This article originally appeared on the BeyeNETWORK.
Everyone believes that data warehouses are expensive. We attend conferences and swap stories about multi-terabyte data warehouses and the conclusion that we reach is that data warehouses are expensive. But does it have to be that way? Stated differently, what is the most expensive, consuming part of the data warehouse? What is the largest determining factor for the expense of the data warehouse? You may be surprised at the answer. The answer is that the largest determining factor for the data warehouse is—you!
So how does the designer/architect shape the cost of the data warehouse? The designer/architect has several ways to impact the amount of money spent on the data warehouse.
Consider the choice of methodology. There is one way to dramatically increase the organization’s cost, and that is to choose the wrong development methodology. There are essentially two methodologies for constructing the data warehouse. There is the Ed Yourdon/Tom DeMarco waterfall SDLC methodology and there is the spiral methodology. The classic waterfall methodology—which most people have been taught—is just fine for operational systems where the requirements of the system are known before the system is developed. However, in an environment where the end user operates in a mode of discovery—where requirements ARE NOT KNOWN before development begins—using the classical SDLC is disastrous and costly.

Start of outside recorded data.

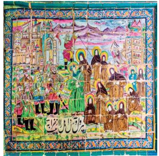
تصویر ۲۲. بیرون آوردن اهل بیت از خرابه، تکیه معاون الملک، ۹۶/۸/۱۵، مأخذ: همان.

با لباس فرنگی تصویر شده‌اند (تصویر ۲۳). در برخی موارد نیز در یک کاشی‌نگاره تصویر دو یا چند واقعه و روایت رزم در هم ترکیب شده و کنار هم تصویر شده، چنان‌که در تصویری امام حسین (ع) در سه صحنه ظاهر می‌شود: در مرکز میدان نعل حضرت ابوالفضل را در بر گرفته، در سمت چپ پایین سوار بر اسب علی‌اصغر را روی دست بلند کرده و اندکی بالاتر، نعل علی‌اکبر را به آغوش کشیده‌است. در بالا و پس زمینه تصویر در هر دو سو انبوهی از صفوف درهم فشرده اشقیاء، سوار بر اسب و پیاده تصویر شده‌اند. در پایین و پیش‌زمینه نیز زنان و اهل بیت در چادرها و نعل شهادت در ترکیبی افقی نمایانده شده‌است (تصویر ۱۶). در کاشی‌نگاره‌ای دیگر رزم سیدالشهدا و حضرت ابوالفضل، هم‌زمان در دو جهت با خیل دشمنان تصویر شده‌است (تصویر ۲۱). از این رو نام کاشی‌نگاره به دو واقعه اشاره دارد و یاد نقاشی دیگر که در نیمه راست آن مختار بر تخت نشسته و در نیمه چپ کفار را قصاص می‌کند. در این کاشی‌نگاره نیز دو نام دیده می‌شود که هریک اشاره به یک روایت و رویداد دارد و به صورت مجزا در دو بخش بالا و پایین کاشی‌نگاره آورده شده‌است (تصویر ۲۴).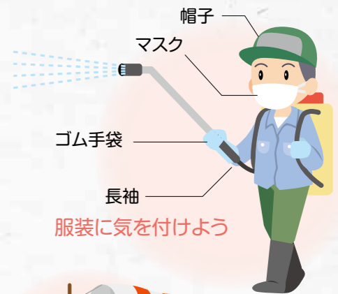
服装に気を付けよう

尚、防除保護具はJAでも取り扱っております。在庫状況や価格等につきましては、最寄りのJA購買店舗へお問い合わせ下さい。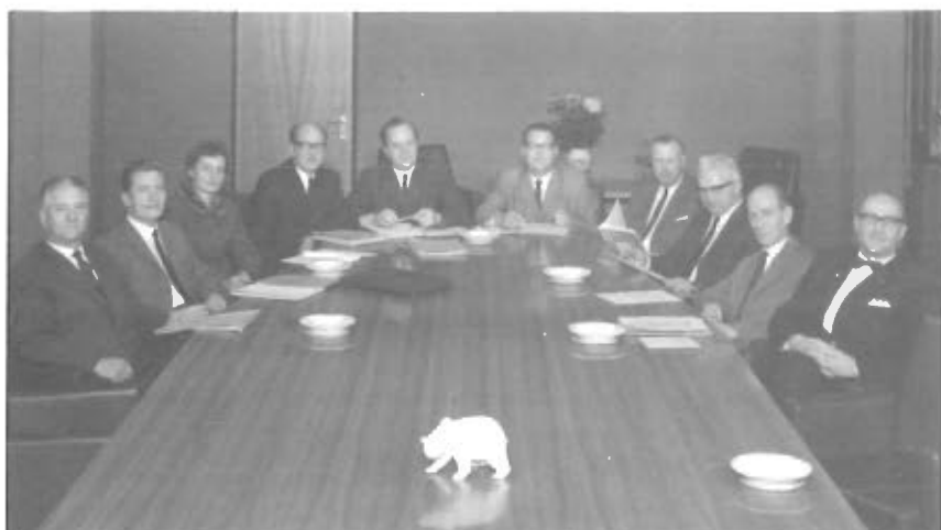
SSVs byrådsgruppe i Flensborg 1966-70.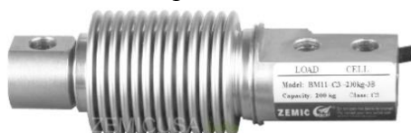
Рисунок 7 - Общий вид датчиков серий ВМ11, НМ11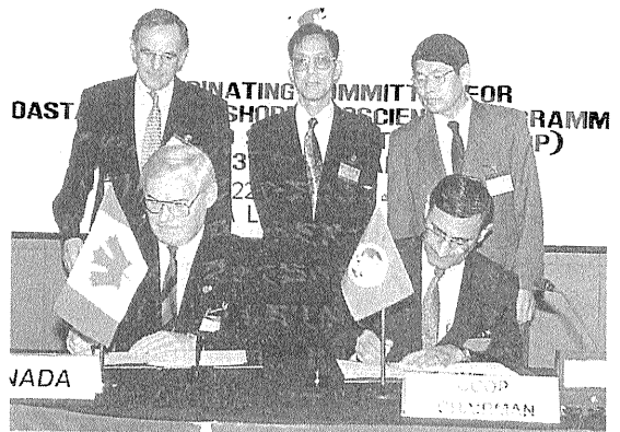
写真2 カナダと CCOP との間の協力覚書(MOU)調印式。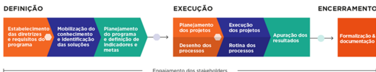
Figura 1: Ciclo de vida dos programas

A figura abaixo demonstra a abordagem metodológica utilizada no desenvolvimento dos programas que estão sob responsabilidade da Fundação Renova.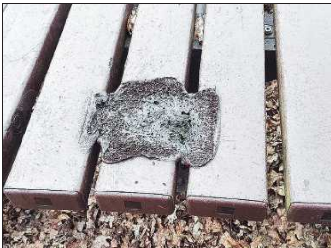
Beschädigungen der neu aufgestellten Tische durch Einmalgrills

Die Vandalen haben hier mit enormen Kraftaufwand erhebliche Schäden an den Freizeiteinrichtungen verursacht. Dies möchten wir nicht einfach so hinnehmen und haben Anzeige gegen Unbekannt erstattet.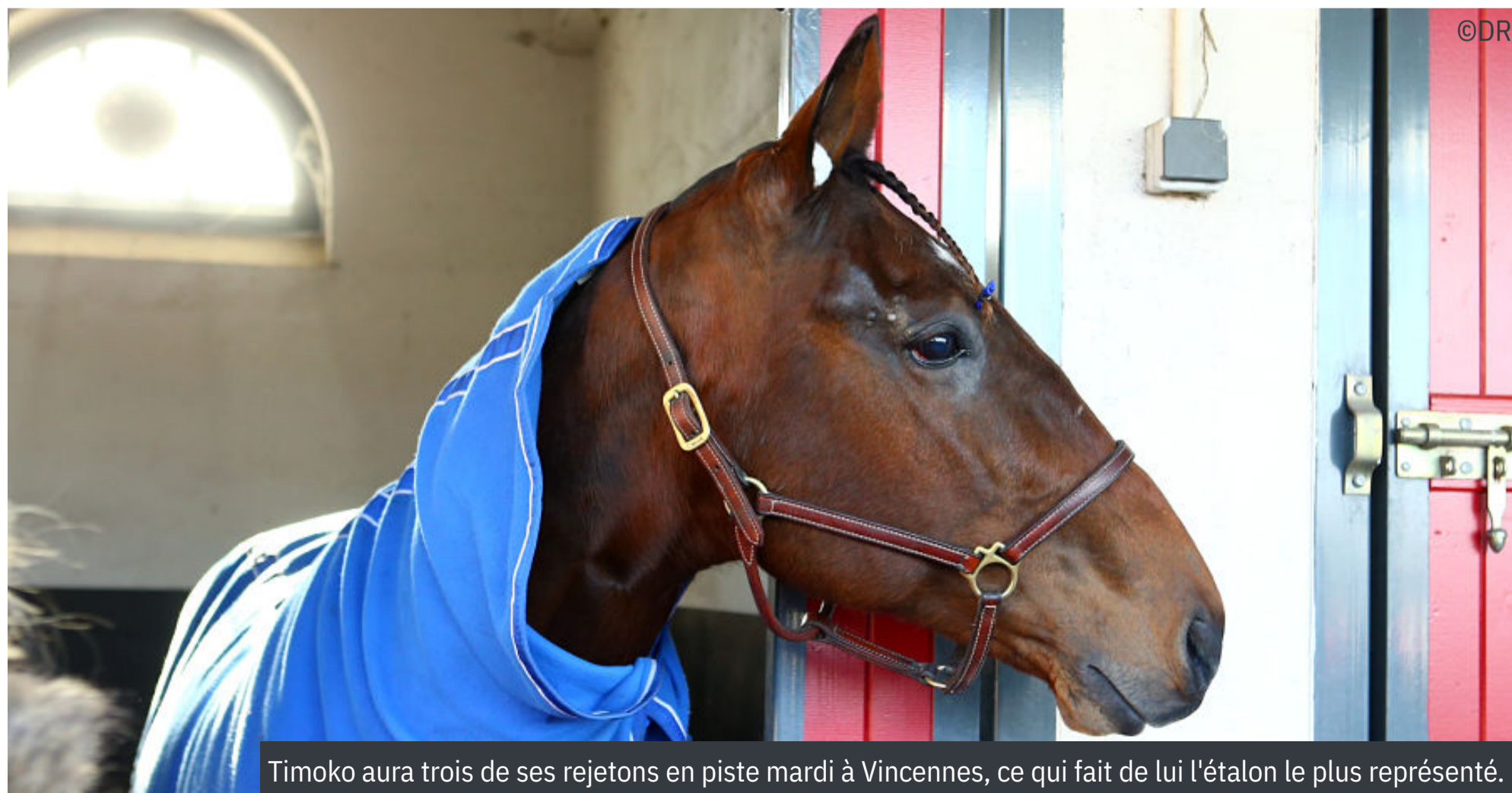
Timoko aura trois de ses rejetons en piste mardi à Vincennes, ce qui fait de lui l'étalon le plus représenté.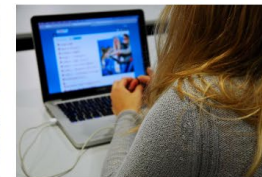
→ Hur ska man gå till väga om det förekommer mobbing på nätet?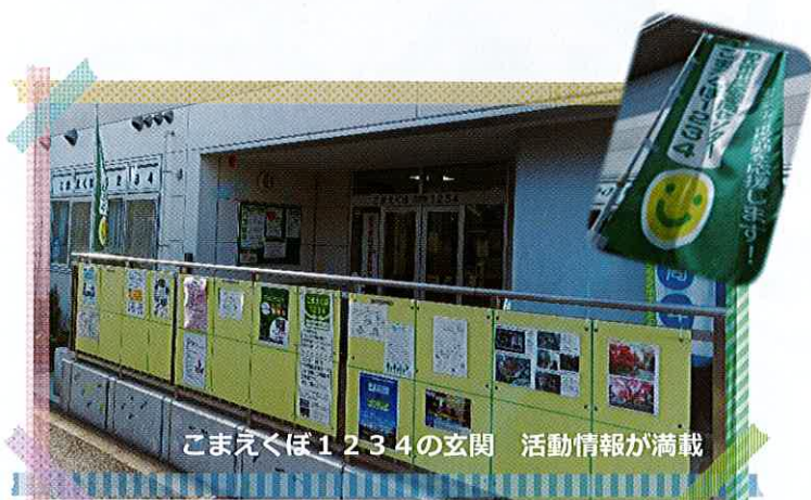
こまえくぼ 1234 の玄関 活動情報が満載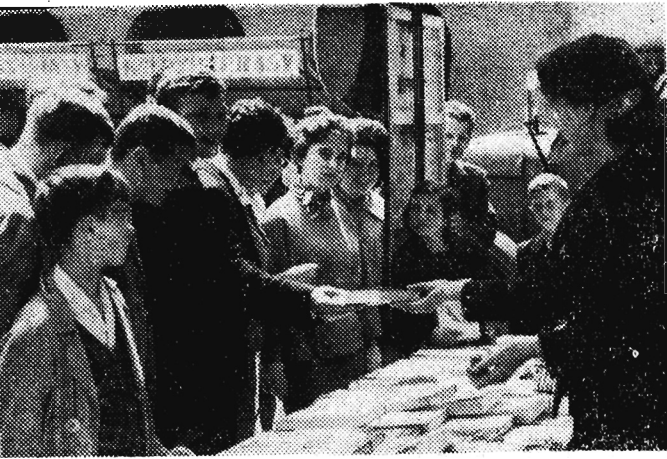
Najwięcej czyta młodzież. Młodzi czytelnicy stanowili też rekordową grupę nabywców na książkowych kiermaszach organizowanych w „Dniach Oświaty, Książki i Prasy”.

I tak rośnie sobie Antos, psując nerwy sąsiadom i nauczycielom, mamusi na pociechę. (zar)

Then, there is the issue of integration and transformation. To build the data warehouse, you need to take raw application data and turn it into corporate data. If your data warehouse is large you will definitely need an ETL tool for this task. The ETL tool will generate the code automatically. Choosing to build this interface manually where there are more than a few programs involved is asking for budgetary woes. Choosing to build a manual ETL interface can be compared to walking into a boxing ring and sticking out your chin.

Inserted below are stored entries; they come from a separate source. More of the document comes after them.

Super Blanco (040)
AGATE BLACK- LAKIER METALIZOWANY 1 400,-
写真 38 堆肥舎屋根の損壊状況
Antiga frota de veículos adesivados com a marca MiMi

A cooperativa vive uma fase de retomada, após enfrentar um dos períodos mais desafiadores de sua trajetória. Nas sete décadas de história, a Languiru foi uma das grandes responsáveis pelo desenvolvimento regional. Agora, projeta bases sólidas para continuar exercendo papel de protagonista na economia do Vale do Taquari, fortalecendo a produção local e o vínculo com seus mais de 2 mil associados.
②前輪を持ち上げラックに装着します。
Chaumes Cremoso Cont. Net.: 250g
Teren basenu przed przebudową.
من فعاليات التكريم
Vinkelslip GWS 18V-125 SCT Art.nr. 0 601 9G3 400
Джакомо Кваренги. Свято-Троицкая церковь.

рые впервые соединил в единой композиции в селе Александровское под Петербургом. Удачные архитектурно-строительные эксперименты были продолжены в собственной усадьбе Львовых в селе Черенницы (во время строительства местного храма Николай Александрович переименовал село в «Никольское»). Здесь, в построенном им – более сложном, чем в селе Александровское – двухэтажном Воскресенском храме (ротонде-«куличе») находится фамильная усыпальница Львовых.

Another way to spend a lot of money carelessly is to build a data warehouse and then not monitor it. It is amazing how many companies have built large data warehouses and have no idea what takes place in them. They don’t know what data is being used. They don’t know how data is being used. They also don’t know who is using the data. Surprisingly they don’t know what kind of SQL is being generated from their front-end tools. They sit and complain about their ever-expanding hardware bill. They are driving blindfolded and complaining that they are hitting walls. They need to take the blindfold off in order to see what is in front of them.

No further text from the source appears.